Audience: Hi, everyone. Thanks very much for letting me speak. It’s been really interesting. I had the kind of broad question. It was great to hear worms being mentioned, but it’s about basic biology. We still need to understand a lot more about the basic biology.
For example, in the Ecoli, about third of the genes we don’t know the function of. If we really want to understand how an organism ages, do we just need to know a lot more about the biology? Is it really, as Jim was saying with the much more investment, do we really need a kind of step change in our understanding of biology before we could really get to the bottom of aging. That’s what my question is.
Nir Barzilai: I wanna maybe start by making it some somewhat simpler. You’re saying ‘look, I know I have examples aging is really complex’, and we don’t argue with it. What we say though, is that they’re like upstream mechanisms, a lot of them we know, and a lot of them we will discover, that can be targeting the whole phenotype that you see of ageing. What we miss in the describing of aging and a lot of them, and they can be targeted. So I don’t want you to be like so much ‘we don’t know’, I think we know a lot of the important things.
George Church: I would add that In order to tackle E.coli we don’t need to know the remaining 50%. I work on E.coli among other things and antibiotics and of vaccines are working quite well without a complete knowledge. We have to be careful not to let complete knowledge to the perfection of science interfere with engineering. For example, our knowledge of both virology and immunology were not only primitive, they were non-existent when we started developing smallpox vaccines back in the 1500s and 1700s. And even by the time smallpox was eliminated, we still had very primitive knowledge of virology and immunology. I’m not advocating ignorance. I’m just saying that don’t let perfection interfere with engineering. The engineering you can work with a fairly limited pallet and still come up with amazing outcomes.

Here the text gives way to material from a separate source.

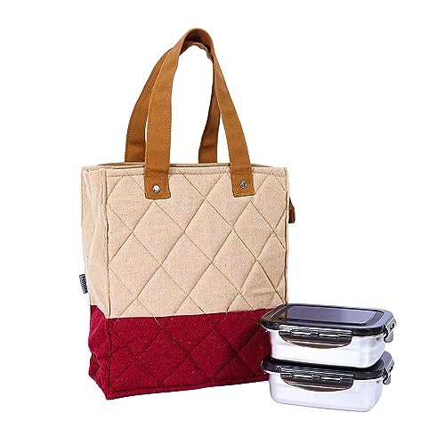 Stainless Steel Lunch Box Maroon Canvas Bag Femora, 350 ML, 2 Pcs
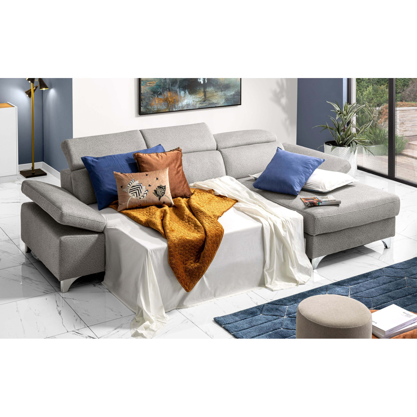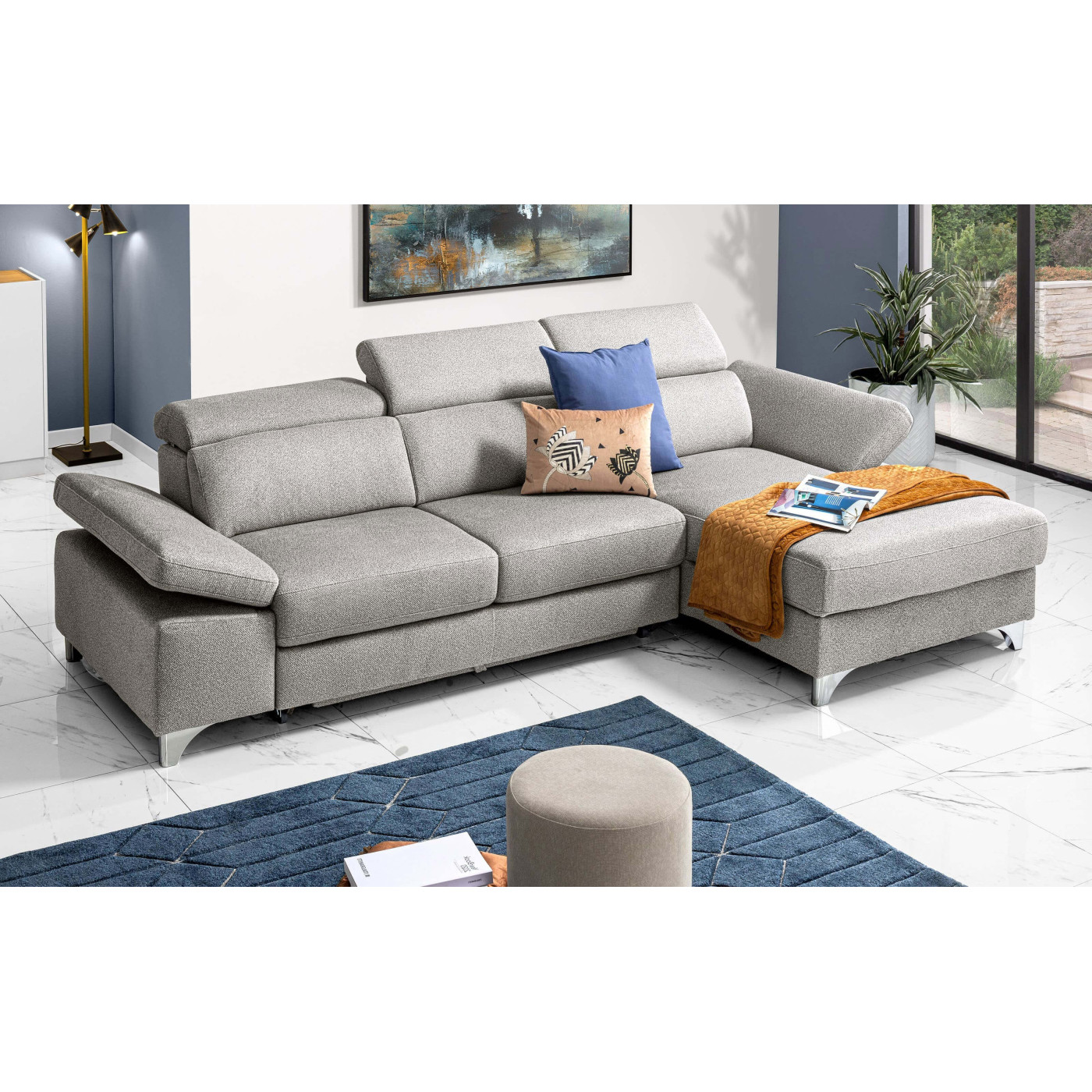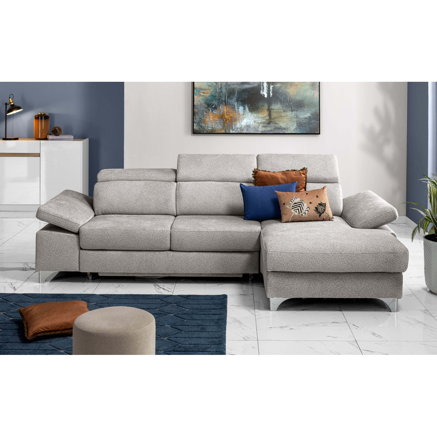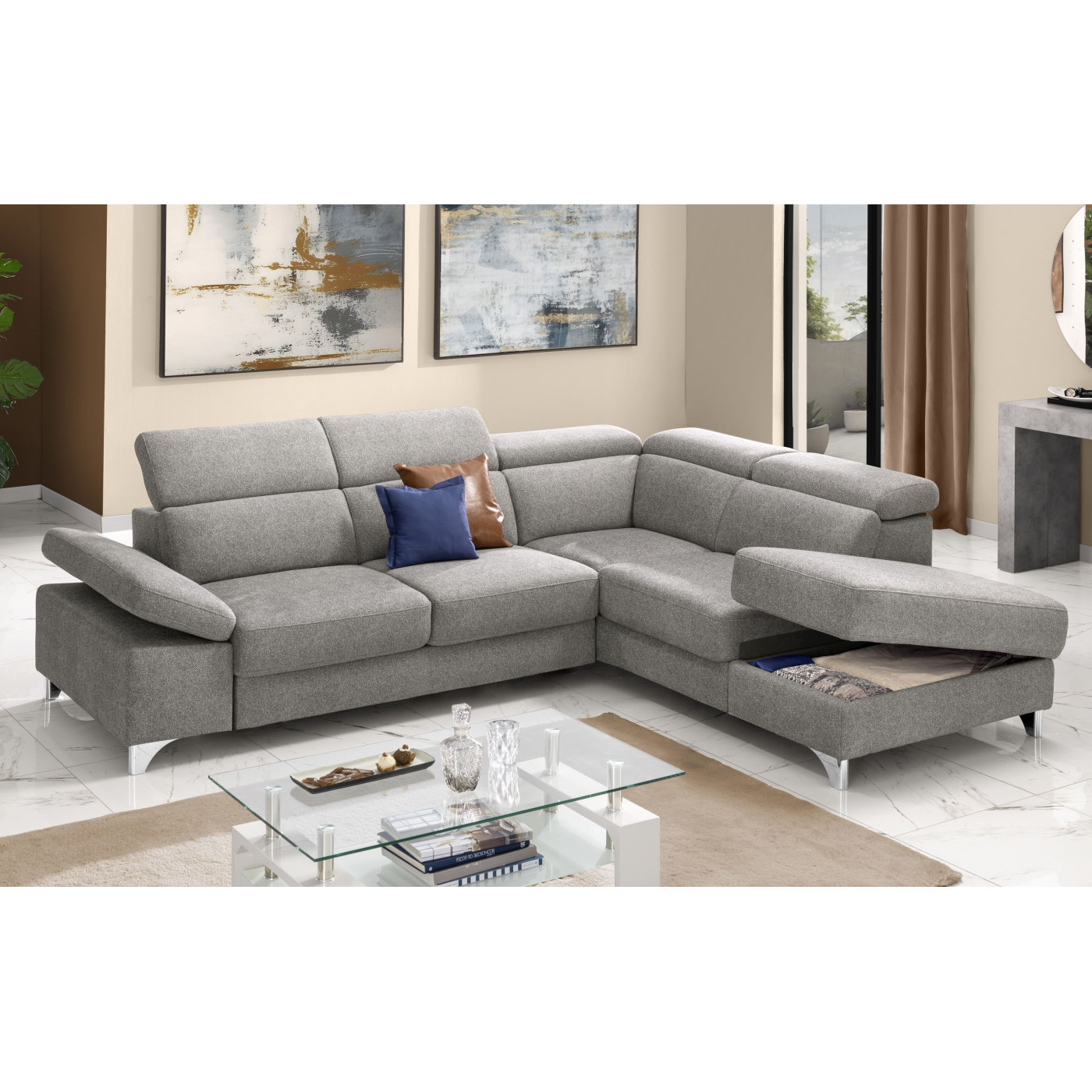 Sfrutta la praticità dei poggiatesta regolabili per goderti questo divano angolare in tutte le sue modalità, mentre grazie al pouf terminale con vano contenitore potrai tenere il soggiorno sempre in ordine!

Guest: I’m not disagreeing with that in the way we’re doing it in a slightly empirical way. That’s how we found a lot of antibiotics and other things. And yes, we will find some great things that way, but I was just wondering if we need that much more understanding to really get to grips with aging that’s that was my question.
George Church: Yeah I think we will get tons of understanding, partly because we’re in an exponential phase. Even though Nir says we don’t need more technology, we are getting more technology, and it’s bringing the costs down it bringing the knowledge up. So we will have it, but it’s not just trial and error. And it’s also engineering. You can engineer with a very limited number of parts and make some amazing devices.
Nir Barzilai: George, I didn’t mean to say with only technology, I meant that we could make progress with the technology that we have that we should do now and it’s not stopping us. I certainly hope that technology will help us.
George Church: I agree. Yeah. I get your point.
Laura Minquini: Alejandro, do you want to say something as well?
Alejandro Ocampo: Yeah, I would like to add something. It’s true, one of the questions I think was going to be, if we know enough, if we have enough knowledge, I think we’d have some, but we could always learn more. And I think we need to take both a rational and irrational approach. Now we need to have a rational approach based on what we know and then try sometimes random things. We gain something, we learn more and we try again something again.
I think it needs to be a balance between the two, I completely agree there. Knowledge, technology and they will both feed each other in order to keep it to keep going.
We would like to say a huge thank you to all of the panelists for giving us a portion of their busy schedules, and providing such an enlightening and thoroughly fascinating conversation. Our thanks also goes out to the hosts who cultivated such a fantastic discussion!